The ubiquitination assay was performed as previously described [35]. Briefly, CAR-expressing Jurkat cells were transduced with a 6His-Flag ubiquitin construct (6HF-Ub), seeded in 15 cm dishes, and grown until reaching 90% confluence. Cells were then washed and harvested in PBS. Of the cell suspension, 80% was lysed in 6 M Guanidine-HCl-containing buffer, sonicated, and filtered, which was used to pull down endogenous proteins conjugated to the 6HF-Ub on Ni2+ - nitrilotriacetic acid (NTA) beads. After that, beads were washed thoroughly, and the precipitated proteins were eluted using imidazole. The remaining 20% of cell suspension was pelleted and solubilized using a detergent-containing buffer supplemented with protease inhibitors to prepare inputs. Both pull-down eluates and inputs were separated by SDS-PAGE and analyzed by Western blot.

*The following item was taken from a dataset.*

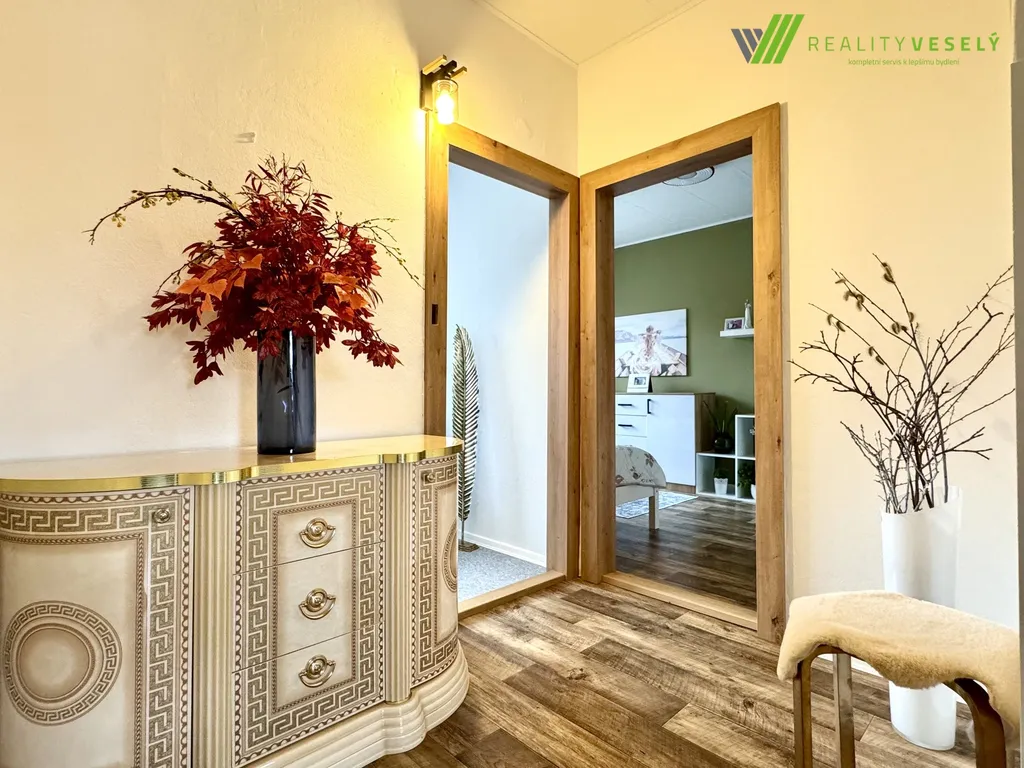 Při vstupu do bytu Vás přivítá chodba, kde se na pravé straně nachází krásná a útulná koupelna s vanou, která je ideální pro milovníky dlouhých koupelí i rodiny s dětmi. Vedle ní je situována samostatná toaleta. Na levé straně při vstupu do bytu se nachází průchod do první ložnice. Její součástí je i praktická chodbička s vestavěnými skříněmi, které poskytují dostatek úložného prostoru.

RNA sequence and bioinformatics analysis

CAR-T cells on day 7 of culture were activated using the anti-CD19 anti-idiotype Ab and collected for RNA sequencing after 24 h. CAR-T cells non-stimulated were used as control. Total RNA was isolated using RNeasy Mini kits (QIAGEN) following the manufacturer’s instructions. The quality of total RNA was evaluated using RNA 6000 Nano LabChip (Agilent 2100 Bioanalyzer, Santa Clara, CA). All samples had intact 18S and 28S ribosomal RNA bands with RIN numbers from 8.1 to 10 and RNA 260/280 ratios between 1.9 and 2.0. Raw data were processed with SOAPnuke, Bowtie, and RSEM. The differentially expressed genes (DEGs) were identified using DEseq2 algorithms and visualized with the ggplot2 package in R. Additionally, microarray and RNA sequencing datasets were downloaded from GEO for pathway enrichment. The enrichment of KEGG pathways of DEGs comparing CD28 and 4-1BB costimulated CAR-T cells was conducted using the ClusterProfiler R package. Plots including bar plots, Venn plots, and volcano plots according to the DEGs were visualized by ggplot2 R package. Clustering analysis was performed using the ComplexHeatmap R package.

In vivo mouse model

Male or female NSG (NOD-scid IL2Rgnull) mice were injected intravenously (i.v.) with CD19+ Daudi tumor cells labeled with Firefly luciferase (2 × 106 cells) and treated at day 4 with a suboptimal dose of CAR-T cells (2 × 106). Tumor growth was monitored twice a week. On day 21 or endpoint time, blood or spleen was collected for immunophenotyping to detect CAR-T cells. For testing the T cell infiltration, on day 7, spleen and bone marrow were collected to detect CAR-T cells by immunophenotype. All animal experiments were performed in accordance with UNC Animal Husbandry and Institutional Animal Care and Use Committee (IACUC) guidelines and were approved by UNC IACUC.

Statistical analysis

Data were summarized as the mean ± SD. The student t-test, one-way ANOVA, or two-way ANOVA were used to determine statistical significance between groups. Paired t-test was conducted to analyze the coculture assay of A20 overexpression. Multiple comparisons were used to calculate the adjusted p-value when appropriate. p < 0.05 was considered statistically significant. ns represented no significance. All statistical analyses were performed using GraphPad Prism 8 (GraphPad Software, CA).